Atria: Recovery of Estonia's pork industry to take at least three years

Pork for sale at a Rimi supermarket.
Pork for sale at a Rimi supermarket. Source: (Mailiis Ollino)

The number of pigs is unlikely to increase in Estonia this year and the share of imported pork is set to increase further in the near term as a full recovery of the industry is estimated to take at least three years, meatpacker Atria Lihatööstus board chairman Olle Horm said.

"Basically, the number of pigs in Estonia has dropped from 380,000 to 280,000 since 2015, while meat consumption has grown year after year," Horm told BNS on Tuesday. "While in 2014, Estonia met its own demand for pork, we are now in a situation where almost 30 percent of pork is imported.

"We very much hope that Estonia is able to recover this 370,000-380,000 in pig stock numbers," he continued, adding that for this to happen, they would first and foremost require cooperation between pork producers and the industry and noting that the state had pledged some support as well.

"The government has supported pork producers quite significantly this year, but that has been used to heal old wounds, so to speak," Horm explained. "That the number of pigs would start increasing again is nowhere to be seen yet. Currently, imports are still increasing."

The board chairman said that in the best case, the recovery of the pork production sector would take three years.

"What we need is courage to take bigger risks," he said. "We won't have that courage as long as the zone three of African swine fever (ASF) control hasn't disappeared in Estonia. This is clearly one indicator that precludes export."

Exports can follow once numbers have recovered

Horm said that those Estonian pork producers who overcame recent years' difficult times are coping well at the moment.

When pig stock numbers recover, Estonian producers will also be able to export to bigger meat-processing entities worldwide.

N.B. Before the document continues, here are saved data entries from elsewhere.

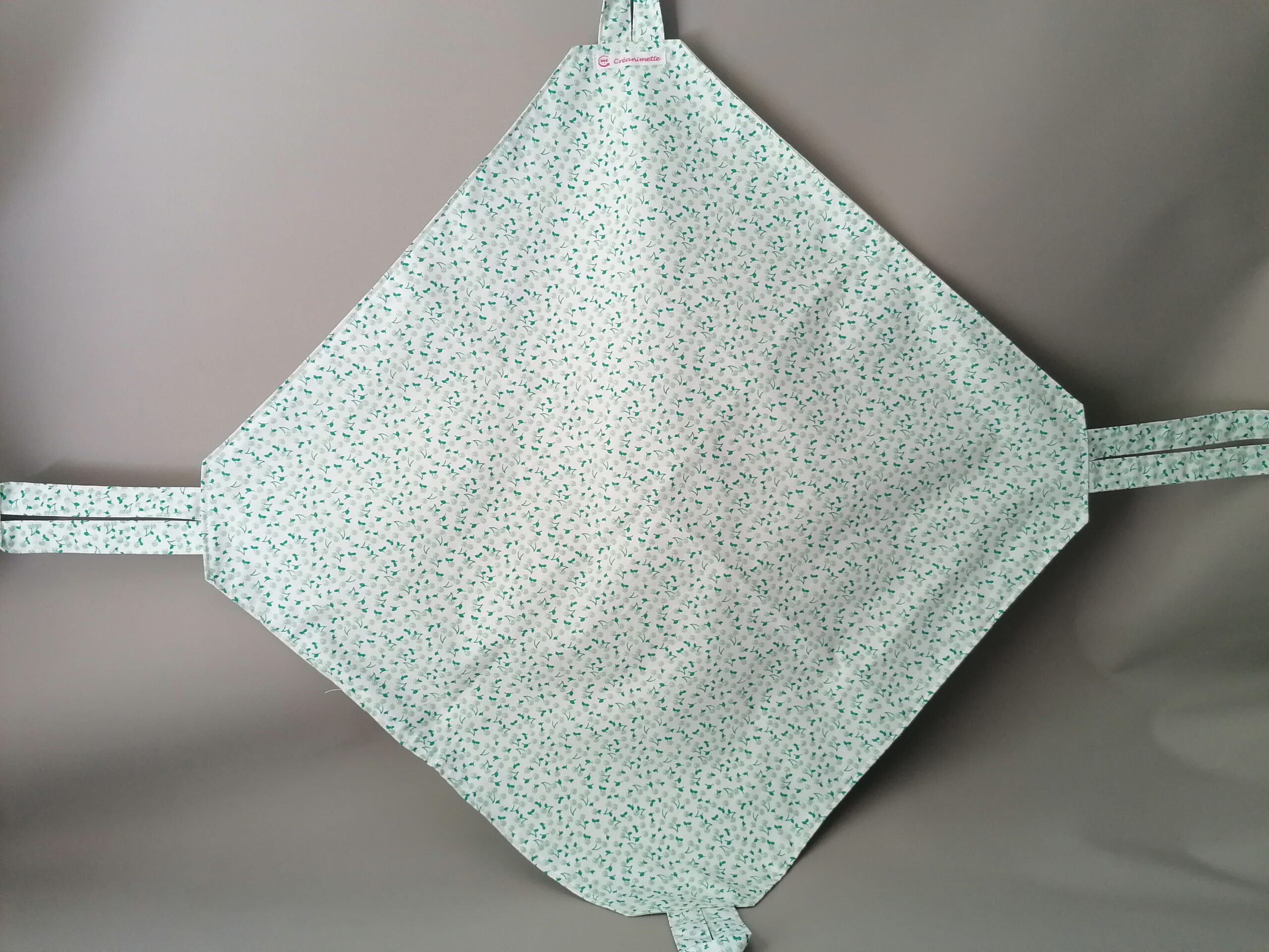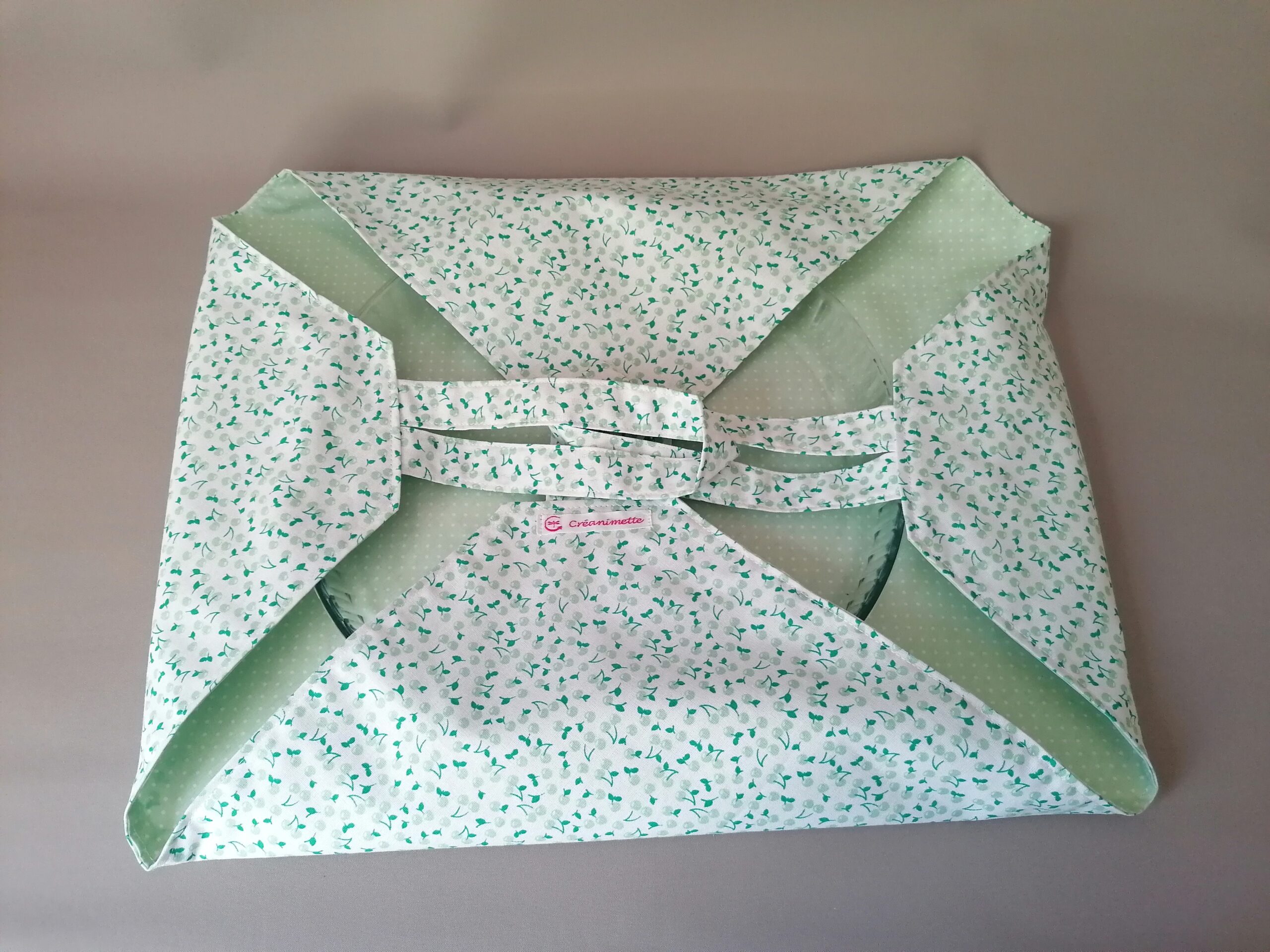 De grande taille, il permet de transporter des plats de toutes tailles et de formes. D’un côté un joli coton et de l’autre une toile enduite (plastifiée) pour faciliter le nettoyage. 🪡🧵✂️
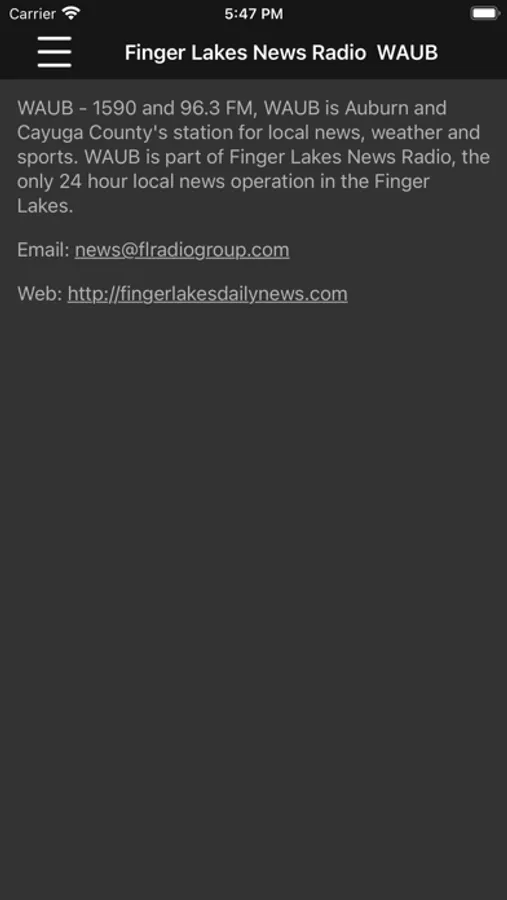 WAUB is Finger Lakes News Radio for the Eastern Finger Lakes region. WAUB features the Finger Lakes Morning News weekdays from 5:30 a.m. to 9:00 a.m., interesting talk from Brian Kilmeade, Dave Ramsey, Clark Howard, Mark Levin, Jim Bohannon, and Coast To Coast AM. WAUB is also your area home of Kevin Williams weather forecast and coverage of area High School sports.
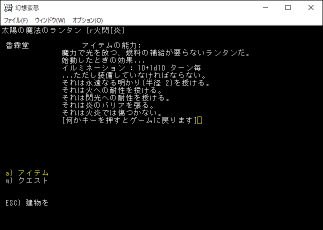 というわけで人里に帰還したときの所持品は上の画像。シャグラトからの戦利品は妖精エゴのブーツと精霊のロングソードです。太陽のランタンは別のユニークモンスターがドロップしました。この3つの装備品を*鑑定*してあとはお店に売却します。
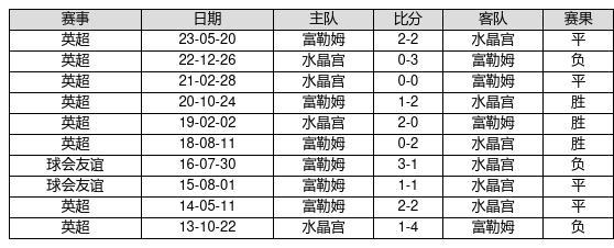 水晶宫 VS 富勒姆两队近10年的交战次数为10场,水晶宫3胜4平3负,赢球概率为30%,平局概率为40%,输球概率为30%。
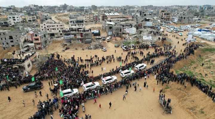 A drone view shows Palestinians and terrorists gathering around Red Cross vehicles on the day Hamas hands over the bodies of deceased Israeli hostages Oded Lifschitz, Shiri Bibas, and her two children Kfir and Ariel Bibas, seized during the deadly Oct. 7, 2023, attack, as part of a ceasefire and hostages-prisoners swap deal between Hamas and Israel, in Khan Younis in the southern Gaza Strip, Feb. 20, 2025. Photo: REUTERS/Stringer
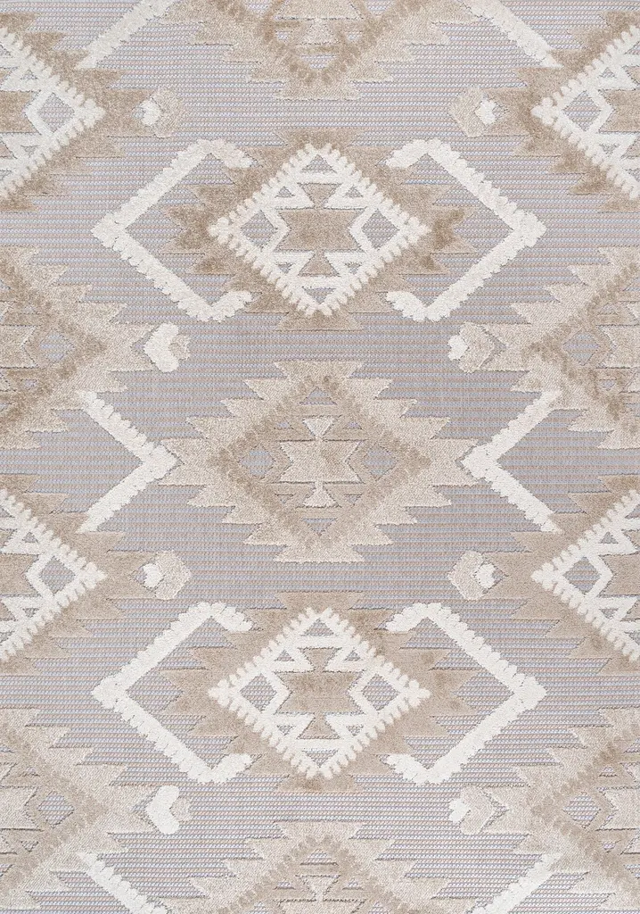 Sumak High-Low Pile Neutral Diamond Kilim Indoor/outdoor Area Rug - Gray / 8 X 10
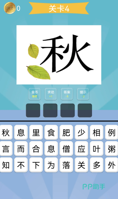 游戏里的每一个关卡,界面都会分成三个不同区域,最上面的区域会展示相关内容,中间区域则是用来填写答案的地方,玩家需要在这里写出自己想到的结果。最下方会给出单独的文字,供大家选择组合,这些用来提示的内容风格并不固定,有的是可爱的卡通画面,有的则是由几个文字拼在一起形成的图案。玩家可以依靠自己平时积累的知识来思考,一步步找出正确的结果。
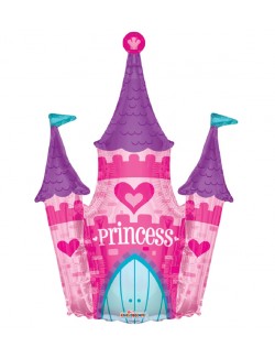 Balon folie Princess Castle, 100 x 91 cm (dezumflat), imprimeu identic fata-verso, poate fi umplut cu aer sau cu heliu.

"Geographically, Russia is the closest external market for us, however you cannot count on that in the present political climate," he said. "But there is a market both within the EU and outside of it. I'm afraid that, on the subject of export to China, this is a bureaucratic and politically regulated process for Estonian companies at the moment; our volumes are not so big as to be setting our sights on China. But speaking of more remote markets, there are Hong Kong, Japan and Vietnam. Rakvere recently mentioned New Zealand too. There's plenty of opportunity."